The bubble hasn't burst, but...: DIW: Real estate prices could collapse by ten percent

For years, prices for condominiums and homes have only gone in one direction - up.

The bubble hasn't burst, but...: DIW: Real estate prices could collapse by ten percent

For years, prices for condominiums and homes have only gone in one direction - up. Now there are signs of a trend reversal. Economic experts are expecting sharp price slumps. However, they do not want to talk about the bursting of the property price bubble.

According to a study by the German Institute for Economic Research (DIW), the risk of severe price corrections on the real estate market is increasing. "We are not about to see a huge real estate price bubble bursting in Germany," said DIW study author Konstantin Kholodilin on the study, which is available to the Reuters news agency. "But price slumps of up to ten percent for condominiums and homes are quite possible."

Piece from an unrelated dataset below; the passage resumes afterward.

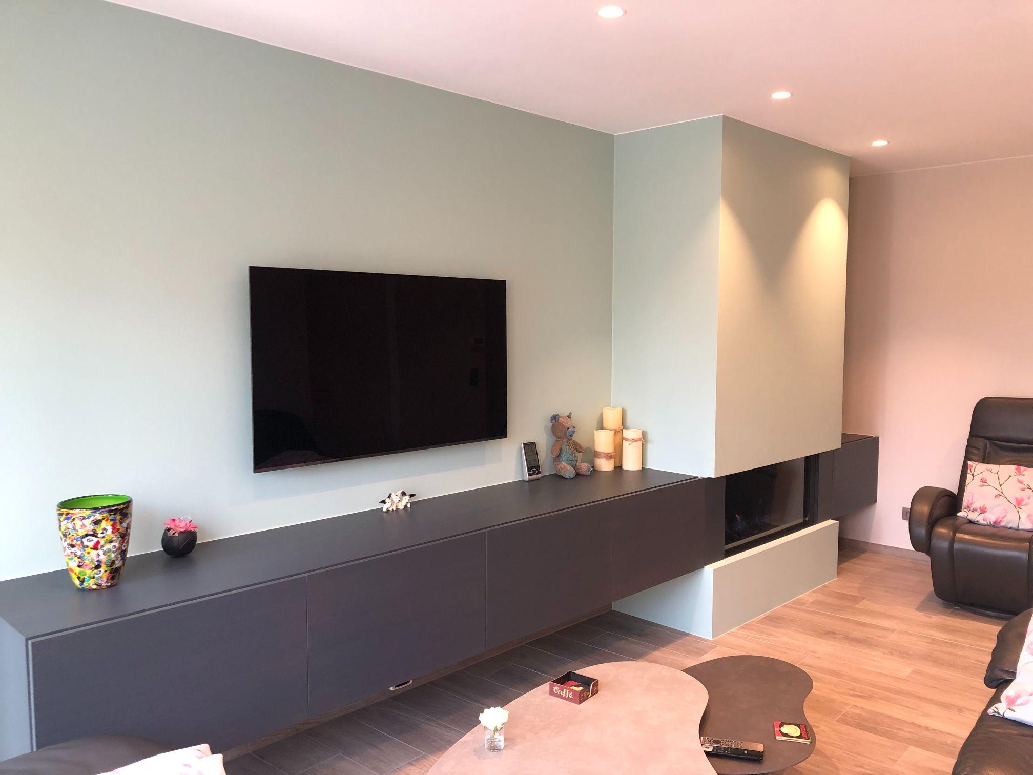 Bij het ontwerp van deze haardwand werd samen met de klant beslist om de zwevende kast, als uitlenging van de gas inbouwhaard, af te werken in donker fineer.
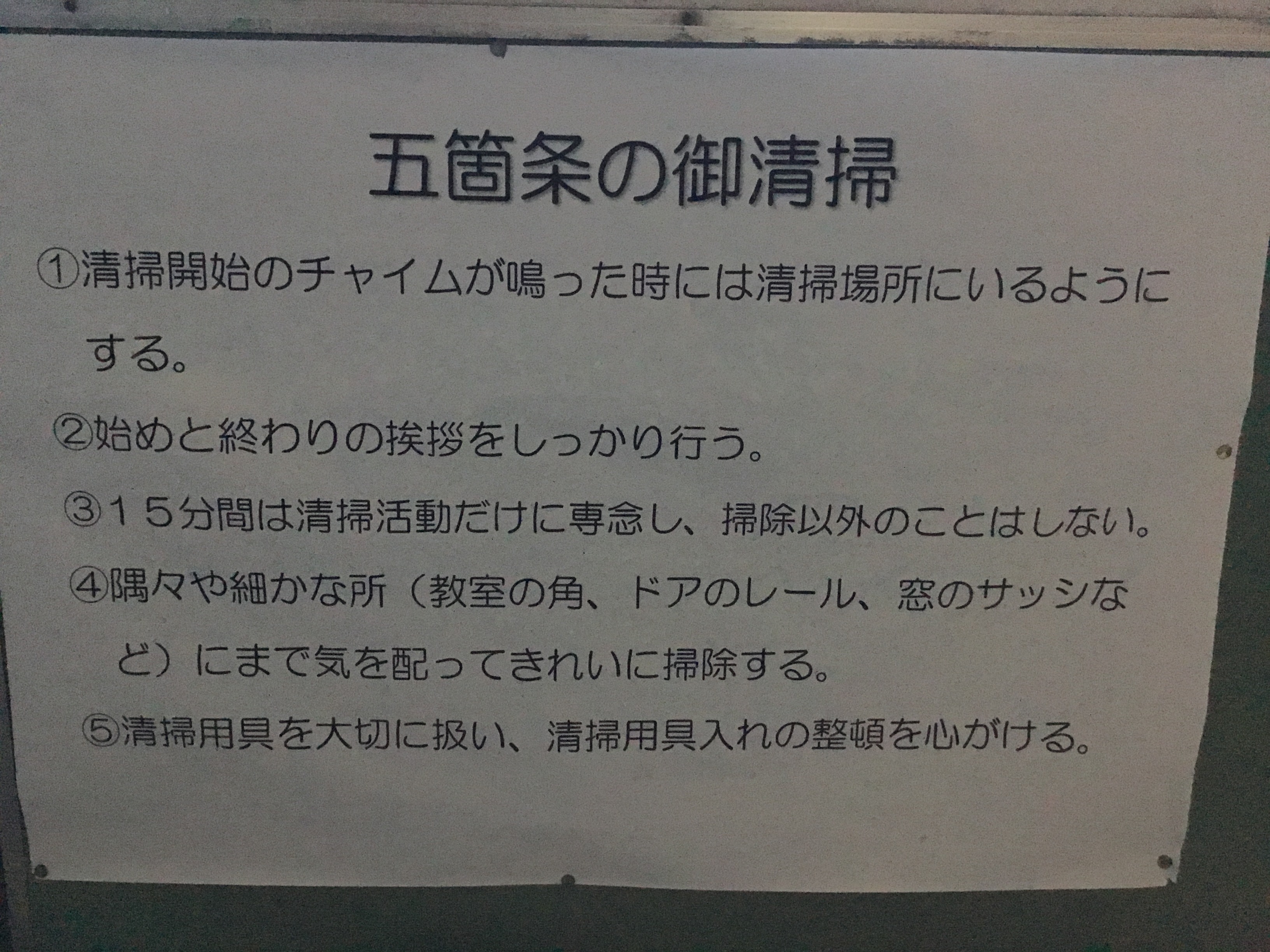 本校には「五箇条の御清掃」という、清掃に関するルールを定めた条文があります。

Accordingly, the prices for homes and condominiums in the 97 cities surveyed have risen an average of eleven percent this year, while rents have increased by only four percent. The DIW considers it alarming that purchase prices and rents are diverging in this way. "Since real estate purchases are refinanced through rental income - or in the case of owner-occupancy through saved rental payments - real estate prices should develop in line with rents in the long term."

If this is not the case, the suspicion arises that real estate is being used as a speculative object and that price bubbles could occur. Statistical tests would have confirmed such speculative price exaggerations. Nevertheless, the real estate market in Germany should remain comparatively stable, write the authors Konstantin Kholodilin and Malte Rieth. Financing conditions are deteriorating visibly as a result of rising interest rates. However, the proportion of loans with a long-term fixed interest rate is still relatively high and there is no sign of widespread private household debt.

In addition, the high real estate prices in many places were due to high demand combined with low supply. The population is growing again in many German cities, while too few new apartments are being built due to less favorable financing conditions, enormously increased construction costs and, in many places, staff shortages. In big cities like Berlin, Dusseldorf and Cologne, the number of completed apartments actually fell last year.

The DIW experts therefore see the federal government on the train. You must focus on providing affordable housing in the metropolitan areas. "Politicians should quickly give new impetus to new construction activity with accelerated procedures and higher public construction investments," said Rieth.